Operational Agility & Support: React quickly to changing customer and business needs and actively participate in the team's on-call rota.
Team Up-Leveling: Mentor junior talent and effectively communicate complex technical ideas to both technical and non-technical peers.

Skills & Experience

Must-Haves

7+ years of experience in a software or Ops role.
5+ years of cloud engineering experience, with at least 2 years of experience with AWS.
Experience deploying Microservice environments using containerisation technologies such as Kubernetes and Docker.
Experience designing and implementing Observability tech stacks, championing its benefits to Engineering teams, and managing the associated cost analysis of metrics gathering, effort, and tooling.
Ability to architect the design of SLO/SLI implementations that balance the needs of different teams.
Experience building and supporting large-scale distributed systems that back a consumer app or website with associated requirements of performance, security, and disaster recovery.
Experience with implementing IaC (e.g., CloudFormation, Terraform, etc.), automation tooling (e.g., Puppet, Ansible etc.), and CI/CD (e.g., Jenkins, Travis CI, GitLab, etc.).
Experience using AI tools to streamline tasks and improve efficiencies.

Nice-to-Haves

Experience with database scaling would be a strong plus.
Certification in AWS, any PaaS, and/or related technologies.

*If you don’t tick every box but believe this role is a mutually good fit, please don’t hesitate to apply. We’d love to hear from you.

Why choose LearnUpon?

From comprehensive rewards and generous time off to meaningful investment in your growth and development, LearnUpon gives you the support, trust, and opportunity to do the most impactful work of your career.

Learn more here.

Hiring Process

Qualified applicants may be invited to an initial screening call with a member of our TA Team.
Successful candidates will be invited to a series of practical interviews.
Finally, candidates will have an interview with our CTO.
Successful candidates will be contacted with an offer to join our team.

Note: At LearnUpon, we utilise AI to enhance the speed and quality of our screening and assessment practices, but our hiring decisions are always human.

If you need any accommodations during the hiring process, please reach out to us at peopleops@learnupon.com.

LearnUpon is an Equal Opportunities Employer.

We do not discriminate on the basis of gender, marital status, family status, age disability, sexual orientation, race, religion, membership of the Traveller community, or any other legally protected status.
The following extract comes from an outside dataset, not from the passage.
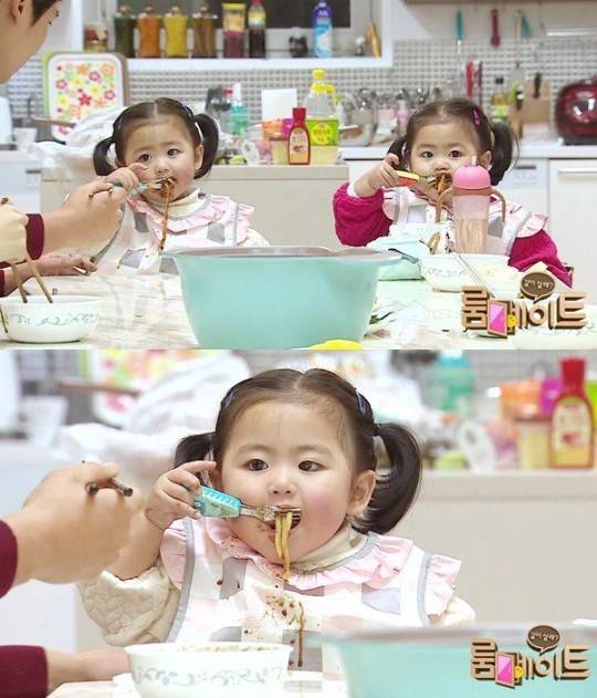 이날 처음에 낯을 가리던 라희-라율이는 금세 룸메이트 숙소에 적응해 짜장면 폭풍 먹방을 선보여 웃음을 자아냈다. 라희-라율이는 입 주위에 짜장면 소스를 잔뜩 묻혀가며 즐거운 식사시간을 보냈다.

Check out our Careers site and Instagram to learn more about working at LearnUpon.

By submitting your application, you agree to LearnUpon's Privacy Policy.

Skills & Tags

react node go rust aws kubernetes docker ai

Aplyr's read

LearnUpon is a dynamic player in the e-learning sector, attracting professionals keen on shaping innovative training solutions for organizations worldwide.
Synthesized from recent postings & public sources

What's promising

•Strong growth trajectory in the e-learning space with increasing demand for LMS solutions.
•Diverse roles indicate a commitment to expanding both technical and customer-facing teams.
•Focus on security and reliability with recent hires in information security and site reliability engineering.

What to watch

•Competitive market with numerous established LMS providers could pressure growth.
•Potentially high workload in fast-paced environment as the company scales.
•Limited public information about company culture and employee satisfaction.

Why LearnUpon

•Emphasis on customer success with multiple hires dedicated to enhancing client relationships.
•Investment in strategic events marketing suggests a focus on brand visibility and networking.
•Cloud-based platform offers scalable solutions, appealing to organizations of varying sizes.

Aplyr’s read is generated by AI from public sources. Was it useful?